Amongst the many hundreds of manuscripts left behind by Russian theologian Mikola Mandelstahm are a number of thin volumes explicating the philosophy of the Ancient Greek philosopher Heraclitus. In the text that follows Mandelstahm considers, in an uncharacteristicaly erratic fashion, some of Heraclitus' writings on divinity and the relationship between the human and the divine.


Of the fact that we do not always know God, Heraklitous wrote that, "Human nature has no real understanding; only the divine nature has it" (F78). Yet, this does not, I belive, imply our separation from God, only the dividedness of God, and the divnity of division itself, for that which is divided is also thereby undivided and unified in its division, unified as a multiplicity; whereas that which is completely undivided is thereby already divided in another sense, in the sense of being a-multiple. That is also why Heraklitous wrote that, "It throws apart and then brings together again" (F31). This can only mean that divinity ordains the return of all things to that which they are. On this I have already speculated (Mandelstahm on Heraclitus : Flux).

In the Scripture, there is writing of a Fall. Eve eats an apple. I do not believe in this, though I believe in the holiness of the Scripture. All Scripture must be read by human eyes, to be known by human hearts.

There can be no Fall for that implies not only a division of the unholy kind between ourselves and God, but also a division between God and God, which is not possible, for God cannot be divided, God is that which is great and indivisible, self-sufficient, self-causing.
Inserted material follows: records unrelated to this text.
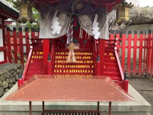 明治の合祀だろうと思っているのですが(いいかげん裏取れや!)、この裏道(?)にはいくつものお社が並んでいて、列に並びながら、いつものように1つずつお詣りをして行きましたが、私の主目的はこちら。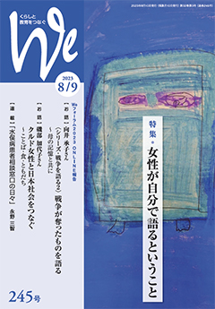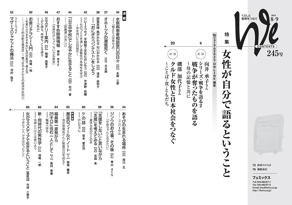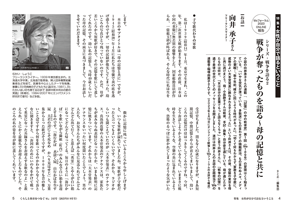 特集はWeフォーラムONLINEの報告を2本。1本目は空襲の中を逃げ惑う経験を持ち、戦後の民主主義教育第一世代である向井承子さんに、歌を遺されたお母様の記憶を重ねながら、戦争と人間についてお話いただきました。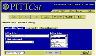 Access PITTCat at http://pittcat.pitt.edu, and go to the Author/Title search screen.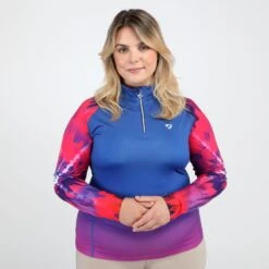 Designed to coordinate with the Hyde Park Hat Cover and Breeches. The shirt features: quick dry stretch fabric, zip neck, flatlock seams, decorative prints, and Aubrion branding.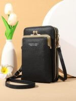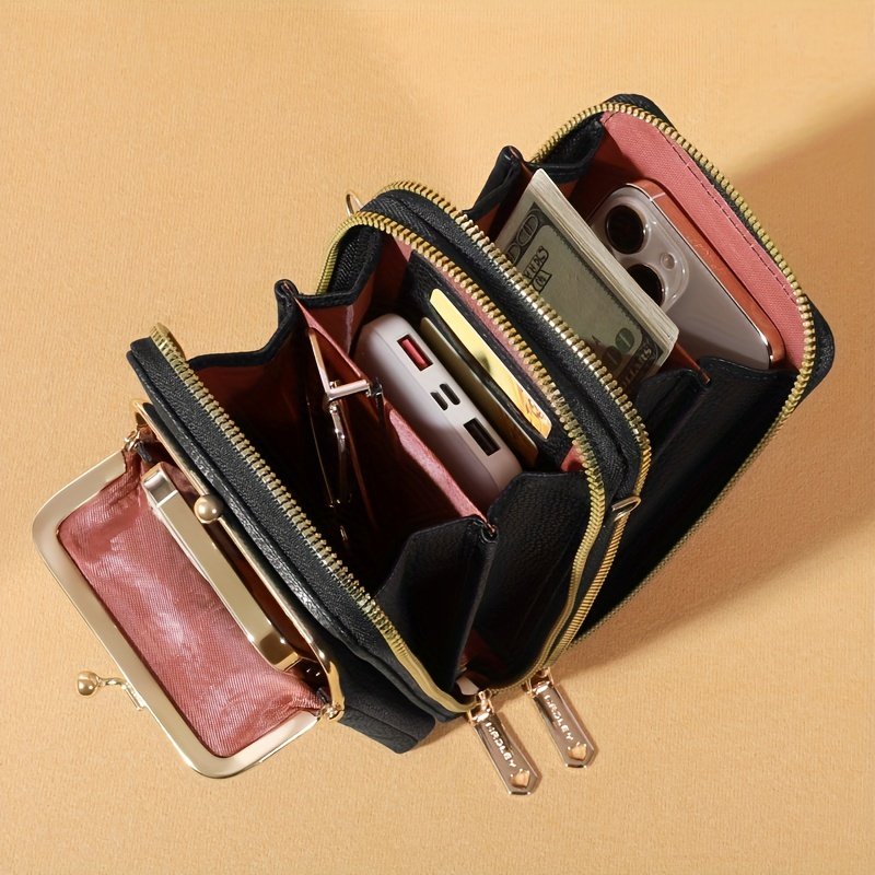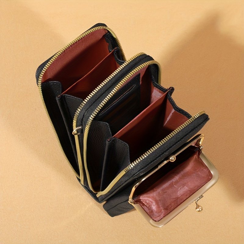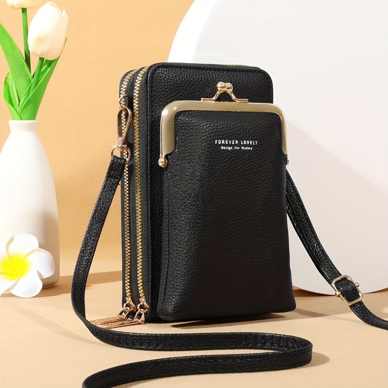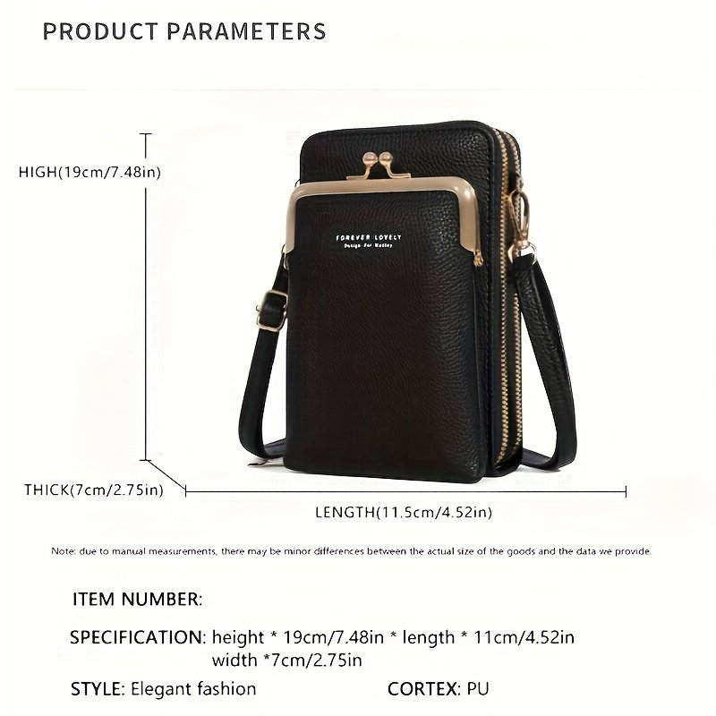 Bolsa Tiracolo Feminina Weiluola Acolchoada Mini - Alça Ajustável, Vários Compartimentos e Fecho de Zíper, Com Forro de Poliéster, Preta para Uso Diário, Bolsa Tiracolo Pequena, Acessório de Uso Diário, Acessório Elegante. R$ 50,59

These things were already written by Spinoza, a Jew who lives in Amsterdam, but being a Jew, he did not fully understand the tautologous character of his thinking, thereby giving rise to an internal tension in the form of his expression, betrayed by his faith in logic, above his faith in God (which is thereby revealed, the one through the other).

For those that believe these thoughts too confusing, I only quote Heraklitous again, when he wrote that, "What is divine escapes men's notice because of their incredulity" (F86). I only choose to believe. Faith is my vocation. My belief in God is profound, for my faith encompasses the entirety of my soul.

I have grown so tired of the moisture, of the weeping, of the tears. Death grieves because of me.